• Input data:
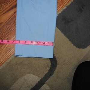 Light blue colored dress pants from Express. These are quite stretchy. They run on the skinnier side, with the legs being close to skin tight, so not a straight leg style.
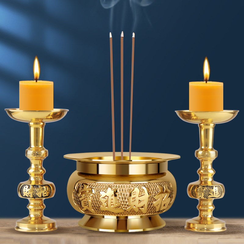 Copper candle holder Household candlestick pedestal pure copper fort god lamp wax table incense burner A pair of seat stoves for Buddha to insert candle ornaments
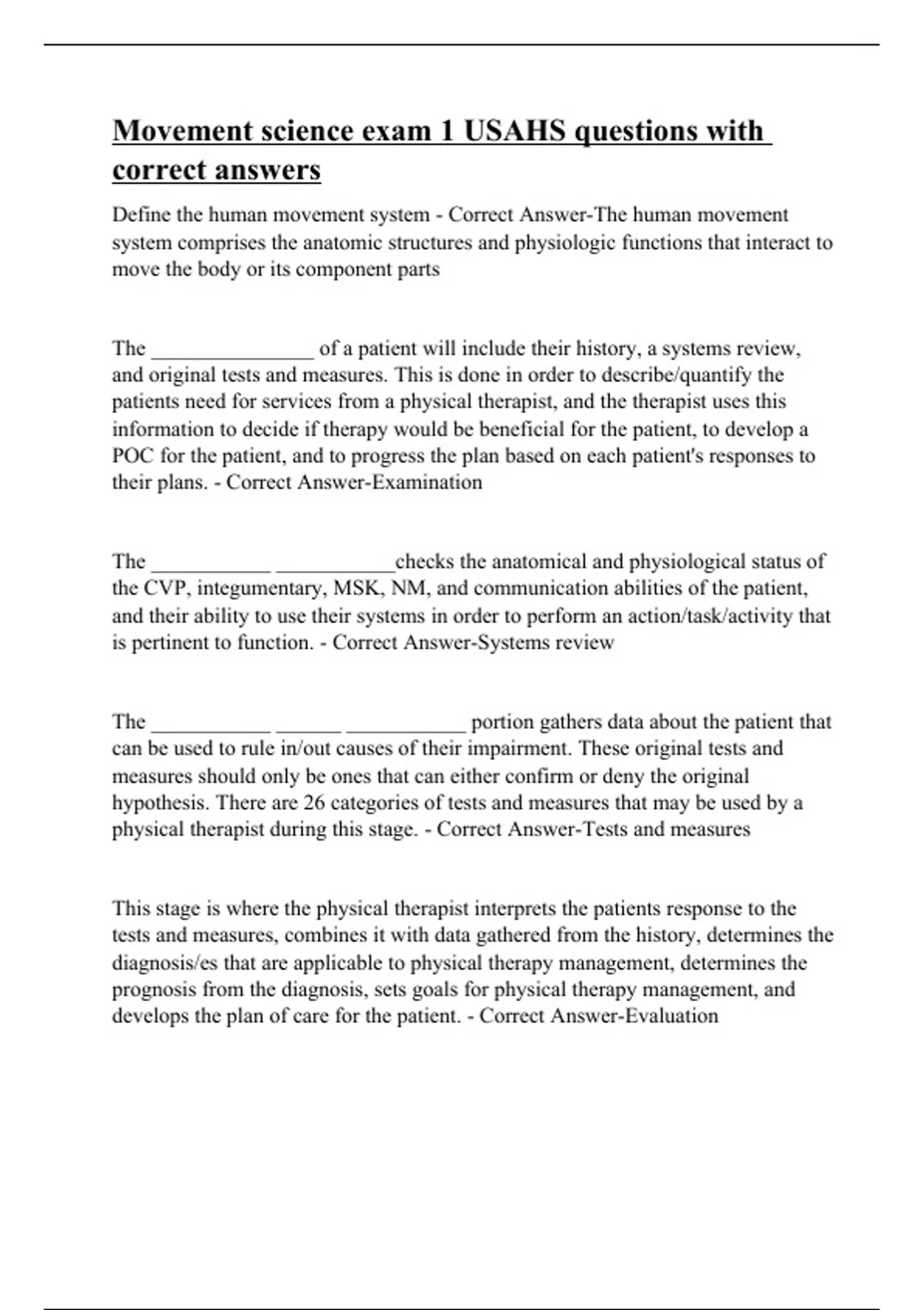 Define the human movement system - Correct Answer-The human movement system comprises the anatomic structures and physiologic functions that interact to move the body or its component parts The _______________ of a patient will include their history, a systems review, and original tests and measures. This is done in order to describe/quantify the patients need for services from a physical therapist, and the therapist uses this information to decide if therapy would be beneficial for the patient, to develop a POC for the patient, and to progress the plan based on each patient's responses to their plans. - Correct Answer-Examination The ___________ ___________checks the anatomical and physiological status of the CVP, integumentary, MSK, NM, and communication abilities of the patient, and their ability to use their systems in order to perform an action/task/activity that is pertinent to function. - Correct Answer-Systems review The ___________ ______ ___________ portion gathers data about the patient that can be used to rule in/out causes of their impairment. These original tests and measures should only be ones that can either confirm or deny the original hypothesis. There are 26 categories of tests and measures that may be used by a physical therapist during this stage. - Correct Answer-Tests and measures This stage is where the physical therapist interprets the patients response to the tests and measures, combines it with data gathered from the history, determines the diagnosis/es that are applicable to physical therapy management, determines the prognosis from the diagnosis, sets goals for physical therapy management, and develops the plan of care for the patient. - Correct Answer-Evaluation _____________ occur not only at the start of care
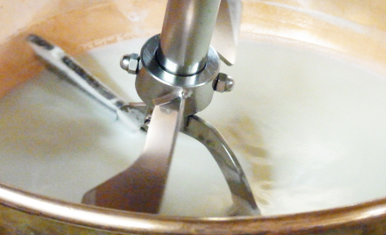 牛乳と砂糖を1時間以上かき混ぜながら煮つめて作った自家製練乳。市販されているものはかき氷には濃すぎるので、かき氷に浸みやすい薄さのものを仕込んでいます。
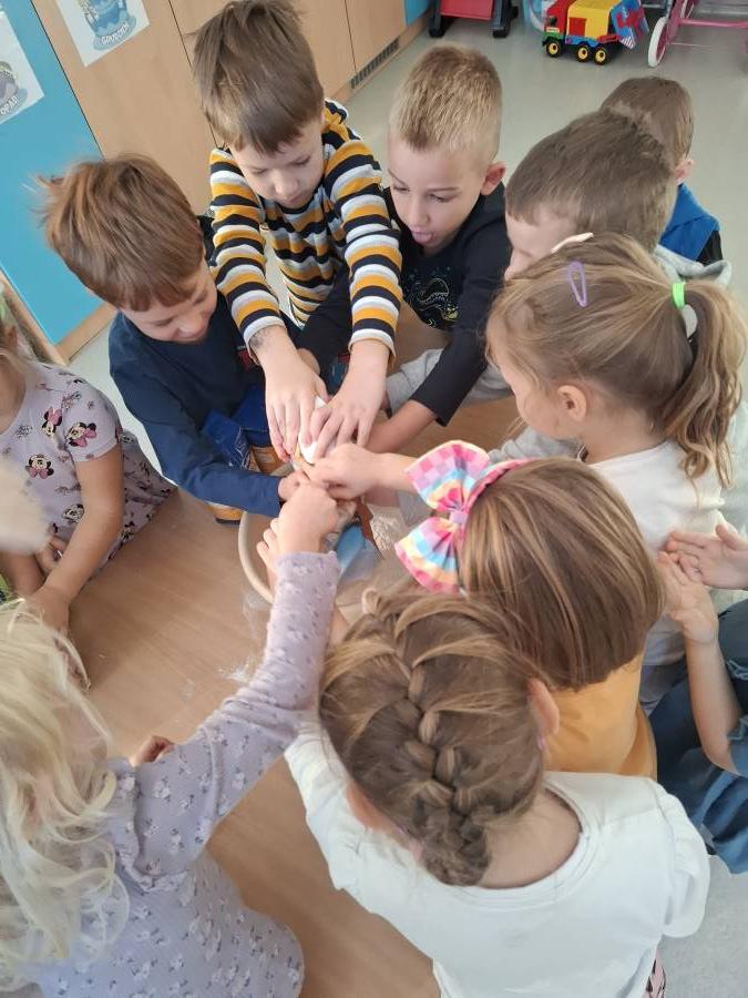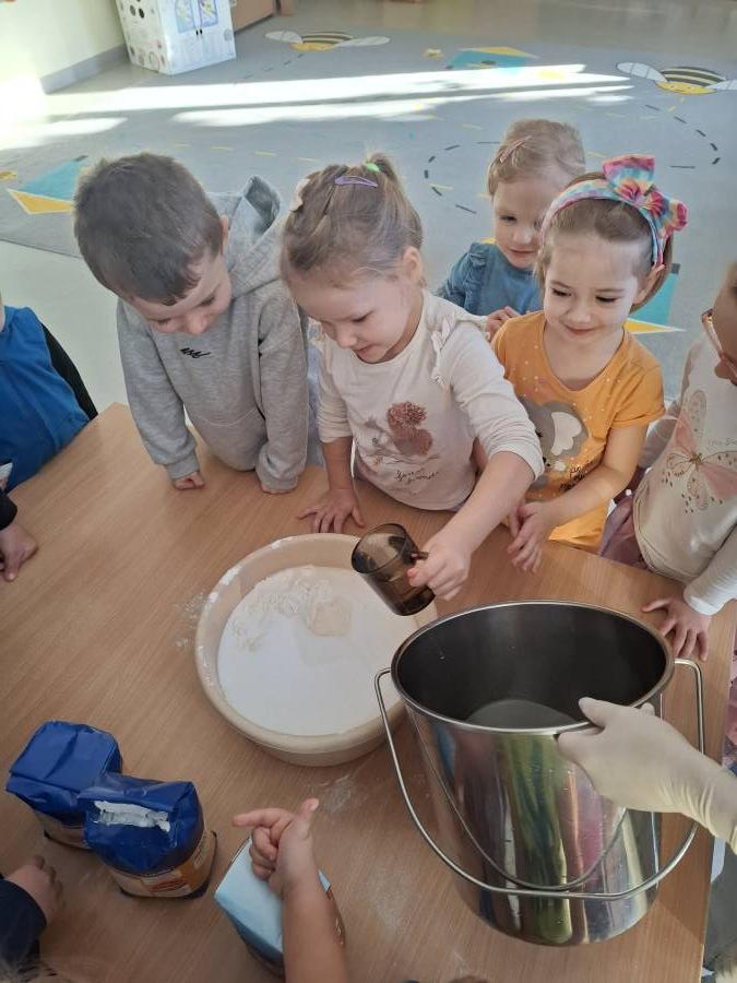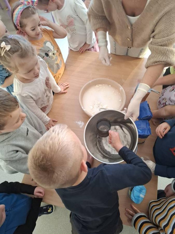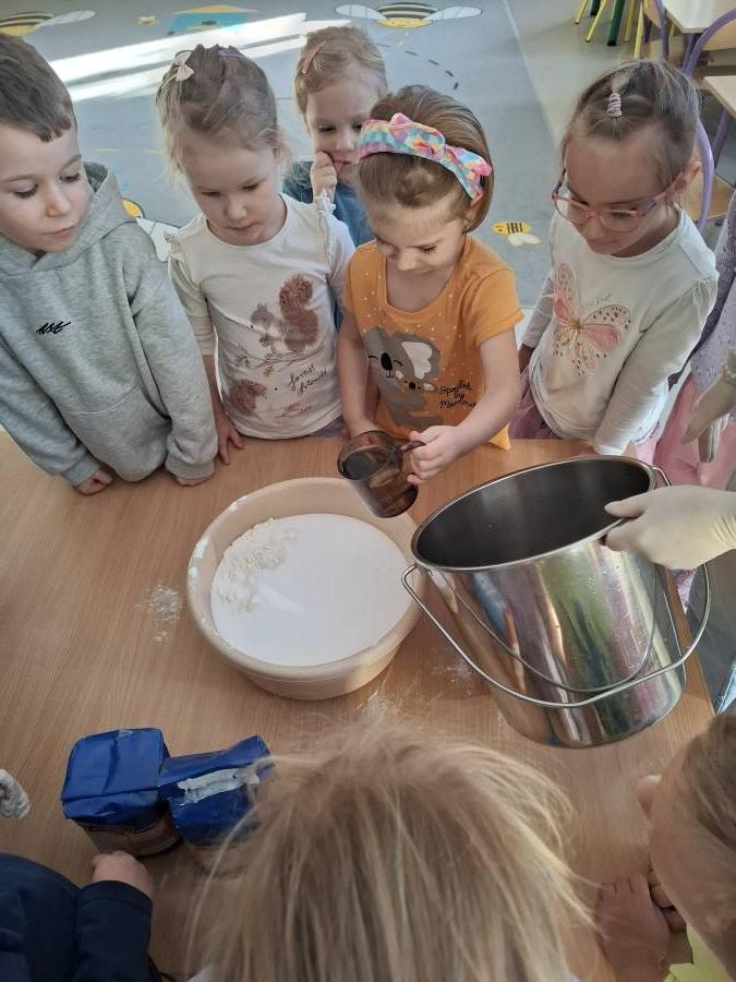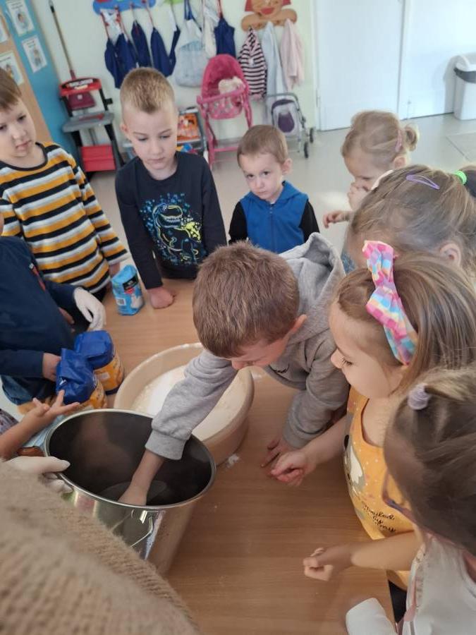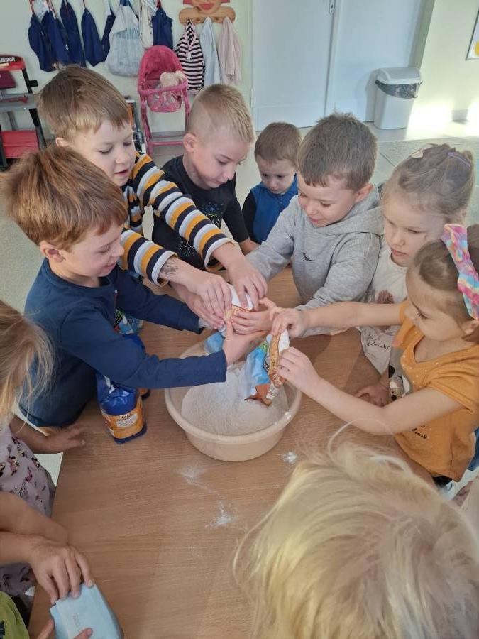 Na dzisiejszych zajęciach wspólnie wykonaliśmy masę solną. Starannie odmierzaliśmy wszystkie składniki i dokładnie mieszaliśmy masę. Kolce wykonaliśmy z paluszków, a ziele angielskie pomogło nam w wykonaniu oczek dla Jeżyków . Była to niezwykła zabawa.
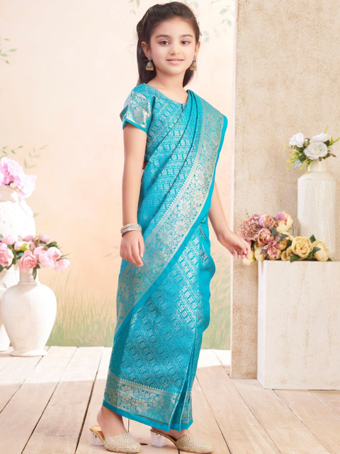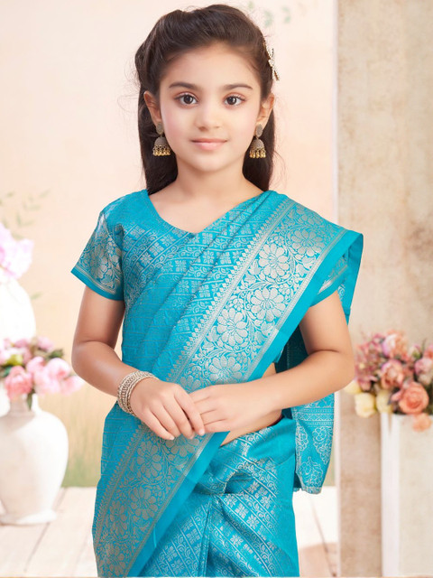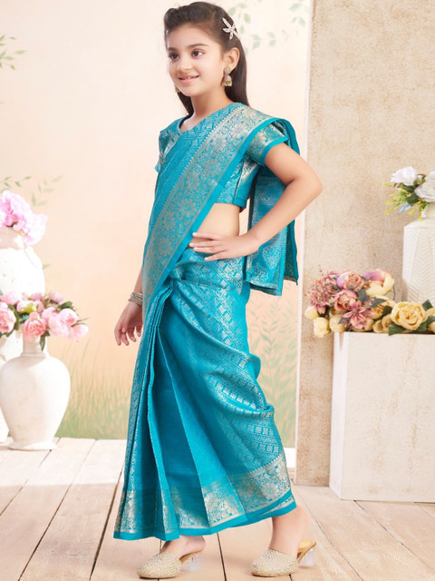 The model is wearing the stitched blouse that comes with the saree
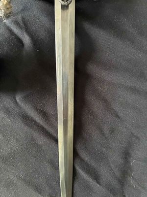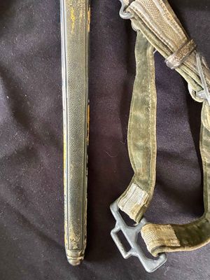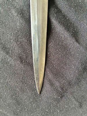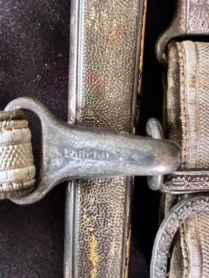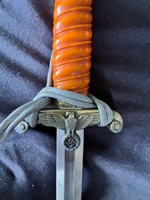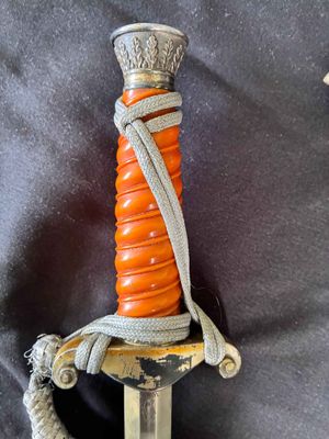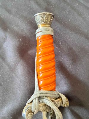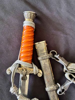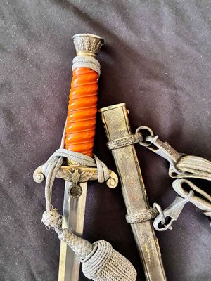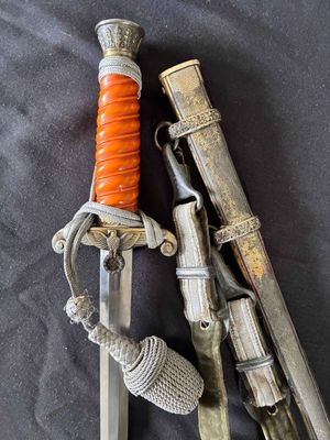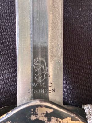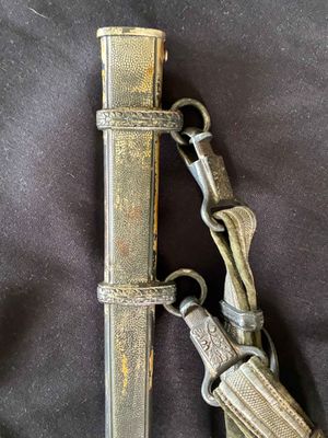This WKC Army Officer’s Dagger is very good with nice detailed fittings.The pommel of this dagger is in good condition, showing a little wear around the rim but nothing bad. The standing oak leaves and acorns are well detailed and have good backgrounds. The crossguard retains some silvering and has a fine definition. The details throughout the characteristic WKC eagle are ok throughout the head, breast and wing feathering, talons and wreathed mobile swastika. The grip is a nice darker orange color, This grip is in very good condition with no splits or chips. The scabbard is a WKC example that does show wear and one small indentation about halfway up.The carrying bands have an excellent pattern of overlapping oak leaves and acorns, with hand enhancing evident on each of the leaves. This blade does show some of original cross grain remaining and so called in out marks , the edge has a couple small edge defects but only to the touch.The reverse ricasso of the blade is etched with the Knight Head trademark of the WKC firm, and a large size leather blade washer is in place. The logo reads “WKC SOLINGEN.” it still has the silver portepee knot still attached and a beautiful pair of hangers marked D R G M as well. This set is uncleansed and has an amazing layer of undisturbed patina throughout.Nice solid undisturbed WKC dagger.
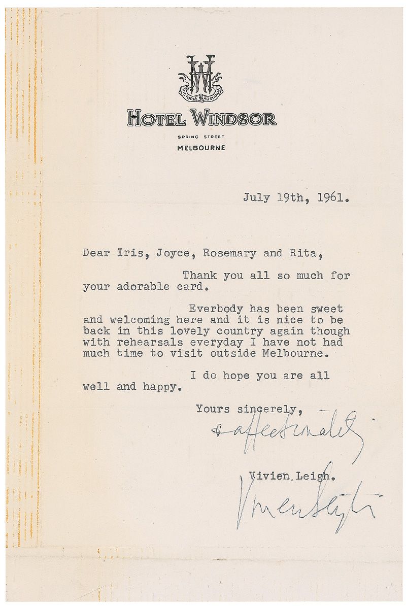 TLS, one page, 6 x 9, Hotel Windsor Melbourne letterhead, July 19, 1961. A letter to a friend. In part: “Everybody has been sweet and welcoming here and it is nice to be back in this lovely country again though with rehearsals everyday I have not had much time to visit outside Melbourne.” Intersecting folds, a horizontal crease, and irregular toning to the left edge, otherwise fine condition. At the time of the letter, Leigh was on a theatre tour through Australia and New Zealand.
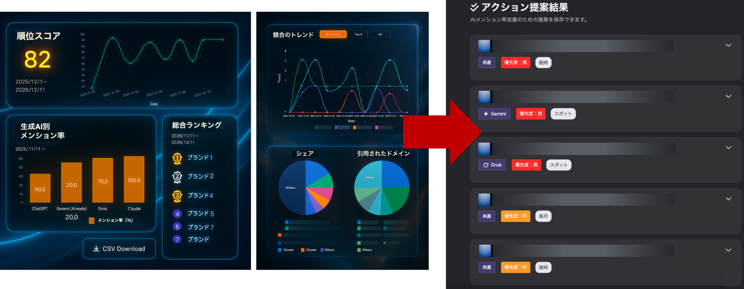 プラッタ(千葉県柏市)は2025年12月16日、LLMO・AIO対策ツール「SUPER ACT」に、生成AI上の分析結果からメンション率向上に向けた最適化アクションをAIが自動提案する新機能「Action Board」の提供を始めました。対象はChatGPT、Gemini、Grok、Claude、Perplexityなどで、提案を管理画面で一元管理できます。
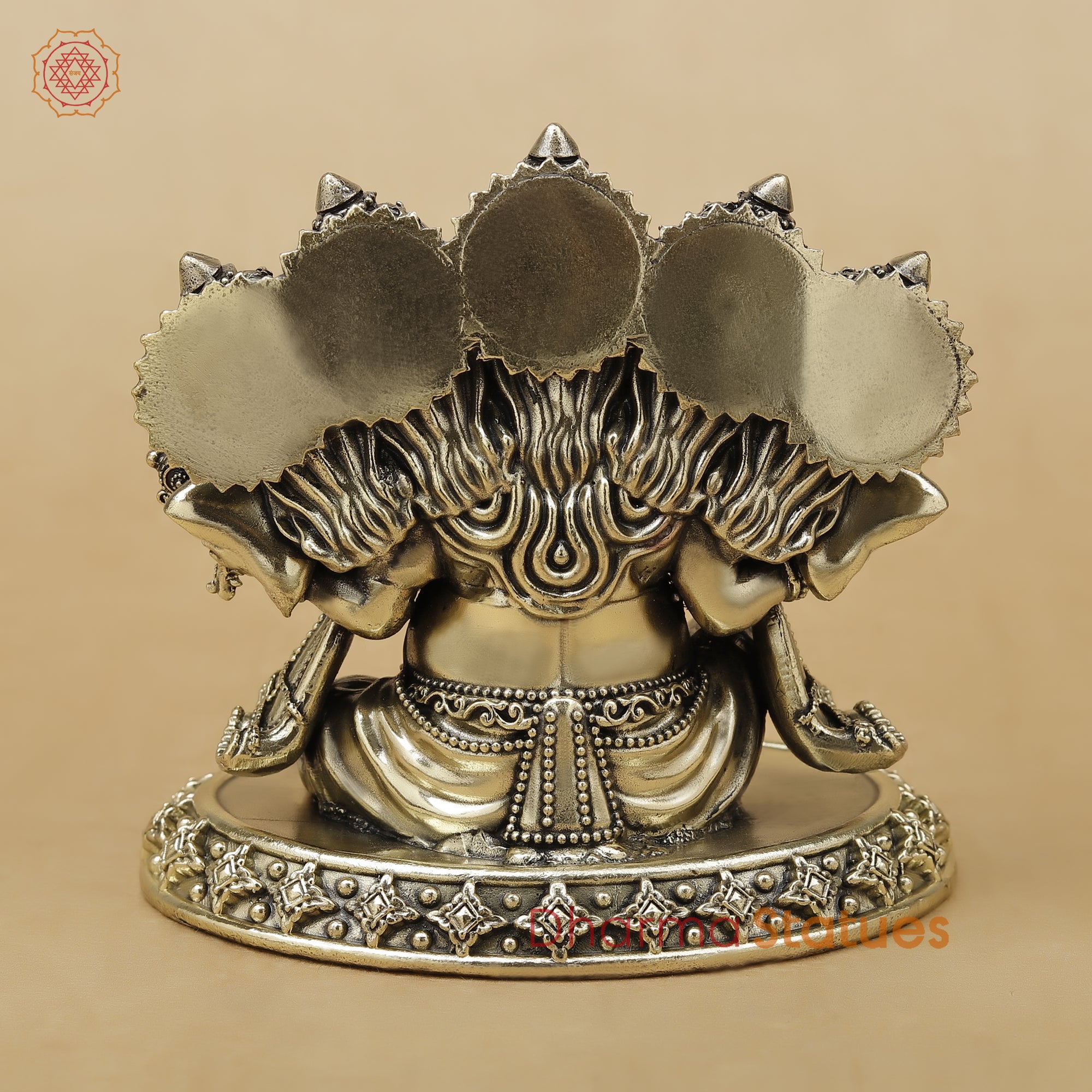 Designed in an elegant antique brass finish, the statue displays exceptional detailing, from the intricate crowns and expressive faces to the beautifully ornamented weapons and accessories. The round decorative base further enhances its grandeur, making it ideal for sacred spaces and premium décor setups.

• Exercise requirements:
Exclude the images and reproduce the remaining data exactly.

• Solution:
 Light blue colored dress pants from Express. These are quite stretchy. They run on the skinnier side, with the legs being close to skin tight, so not a straight leg style.
 Copper candle holder Household candlestick pedestal pure copper fort god lamp wax table incense burner A pair of seat stoves for Buddha to insert candle ornaments
 Define the human movement system - Correct Answer-The human movement system comprises the anatomic structures and physiologic functions that interact to move the body or its component parts The _______________ of a patient will include their history, a systems review, and original tests and measures. This is done in order to describe/quantify the patients need for services from a physical therapist, and the therapist uses this information to decide if therapy would be beneficial for the patient, to develop a POC for the patient, and to progress the plan based on each patient's responses to their plans. - Correct Answer-Examination The ___________ ___________checks the anatomical and physiological status of the CVP, integumentary, MSK, NM, and communication abilities of the patient, and their ability to use their systems in order to perform an action/task/activity that is pertinent to function. - Correct Answer-Systems review The ___________ ______ ___________ portion gathers data about the patient that can be used to rule in/out causes of their impairment. These original tests and measures should only be ones that can either confirm or deny the original hypothesis. There are 26 categories of tests and measures that may be used by a physical therapist during this stage. - Correct Answer-Tests and measures This stage is where the physical therapist interprets the patients response to the tests and measures, combines it with data gathered from the history, determines the diagnosis/es that are applicable to physical therapy management, determines the prognosis from the diagnosis, sets goals for physical therapy management, and develops the plan of care for the patient. - Correct Answer-Evaluation _____________ occur not only at the start of care
 牛乳と砂糖を1時間以上かき混ぜながら煮つめて作った自家製練乳。市販されているものはかき氷には濃すぎるので、かき氷に浸みやすい薄さのものを仕込んでいます。
 Na dzisiejszych zajęciach wspólnie wykonaliśmy masę solną. Starannie odmierzaliśmy wszystkie składniki i dokładnie mieszaliśmy masę. Kolce wykonaliśmy z paluszków, a ziele angielskie pomogło nam w wykonaniu oczek dla Jeżyków . Była to niezwykła zabawa.
 The model is wearing the stitched blouse that comes with the saree
This WKC Army Officer’s Dagger is very good with nice detailed fittings.The pommel of this dagger is in good condition, showing a little wear around the rim but nothing bad. The standing oak leaves and acorns are well detailed and have good backgrounds. The crossguard retains some silvering and has a fine definition. The details throughout the characteristic WKC eagle are ok throughout the head, breast and wing feathering, talons and wreathed mobile swastika. The grip is a nice darker orange color, This grip is in very good condition with no splits or chips. The scabbard is a WKC example that does show wear and one small indentation about halfway up.The carrying bands have an excellent pattern of overlapping oak leaves and acorns, with hand enhancing evident on each of the leaves. This blade does show some of original cross grain remaining and so called in out marks , the edge has a couple small edge defects but only to the touch.The reverse ricasso of the blade is etched with the Knight Head trademark of the WKC firm, and a large size leather blade washer is in place. The logo reads “WKC SOLINGEN.” it still has the silver portepee knot still attached and a beautiful pair of hangers marked D R G M as well. This set is uncleansed and has an amazing layer of undisturbed patina throughout.Nice solid undisturbed WKC dagger.
 TLS, one page, 6 x 9, Hotel Windsor Melbourne letterhead, July 19, 1961. A letter to a friend. In part: “Everybody has been sweet and welcoming here and it is nice to be back in this lovely country again though with rehearsals everyday I have not had much time to visit outside Melbourne.” Intersecting folds, a horizontal crease, and irregular toning to the left edge, otherwise fine condition. At the time of the letter, Leigh was on a theatre tour through Australia and New Zealand.
 プラッタ(千葉県柏市)は2025年12月16日、LLMO・AIO対策ツール「SUPER ACT」に、生成AI上の分析結果からメンション率向上に向けた最適化アクションをAIが自動提案する新機能「Action Board」の提供を始めました。対象はChatGPT、Gemini、Grok、Claude、Perplexityなどで、提案を管理画面で一元管理できます。
 Designed in an elegant antique brass finish, the statue displays exceptional detailing, from the intricate crowns and expressive faces to the beautifully ornamented weapons and accessories. The round decorative base further enhances its grandeur, making it ideal for sacred spaces and premium décor setups.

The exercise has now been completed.